Three men are to stand trial accused of hare coursing on “repeated occasions” at an Angus farm. Raymond Higgins, Colin Stewart and a 16-year-old appeared at Forfar Sheriff Court facing charges of hunting brown hares with dogs near Kirriemuir. All three co-accused denied the animal offences at Ladywell Farm, formerly known as Wester Logie Farm, on a number of dates this year. Prosecutors allege that the men from Aberdeen travelled “far and wide” across Scotland to hunt the mammals, and one has been remanded in custody to await trial.

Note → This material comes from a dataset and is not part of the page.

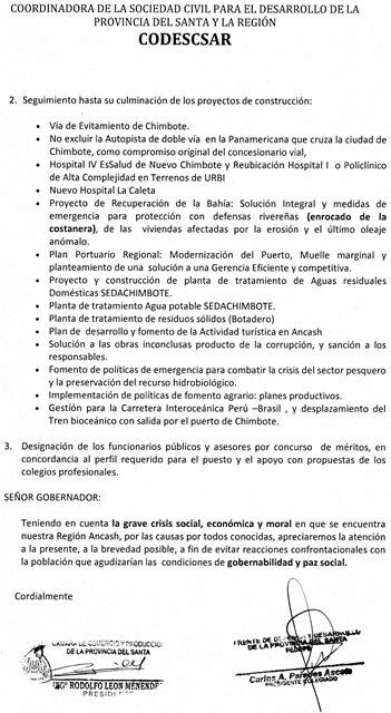 En la carta que fue entregada en la misma sede regional en Huaraz la sociedad civil organizada le pide que el mandatario junto a su equipo exponga su plan de gestión regional, y a la vez reciba los aportes del Codescsar que permitan la reactivación económica de Áncash.
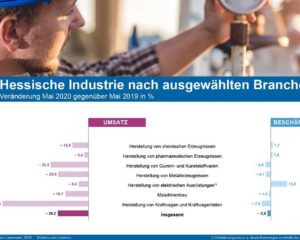 In Zeiten der Corona-Pandemie verzeichnet die hessische Industrie rückläufige Konjunkturindikatoren: Im Vergleich zu Mai 2019 fielen die Umsätze im Mai 2020 um 26,2 Prozent, die

Specialist wildlife fiscal Fiona Caldwell said the men originally appeared on a charge alleging a single offence on March 27, but the summary complaint had been widened to include “hare coursing over a period of time and on repeated occasions” at the farm. Ms Caldwell opposed bail for Colin Stewart due to a history of analogous offending. “The brown hare is a protected species under section 6 of the Wildlife and Natural Environment (Scotland) Act,” she said. “Its peaks of activity tend to be in the spring and autumn, when the fields are bare. “At this time of year they are particularly vulnerable to this time of offending.” For Colin Stewart, solicitor Nick Markowski said: “I think a special condition preventing him from returning to the area might deal with the matter. “This would protect any mammals at the locus.” For the co-accused, solicitors Robin Beattie and John Hall entered not guilty pleas. Both men were bailed with the special condition that they do not dispose of or destroy any dogs involved in the case. Visiting Sheriff MacDonald set the trial for June 28, with a pre-trial hearing on June 7, at which all men are ordained to appear. Colin Stewart was denied bail due to previous convictions. Colin Stewart, 31, Blackthorn Crescent; Raymond Higgins, 45, Summerhill Road; and the co-accused of Aberdeen, all deny deliberately hunting brown hare with three dogs, Colin Stewart doing so while on bail. Hunting wild mammals carries a maximum six-month maximum sentence under summary complaint.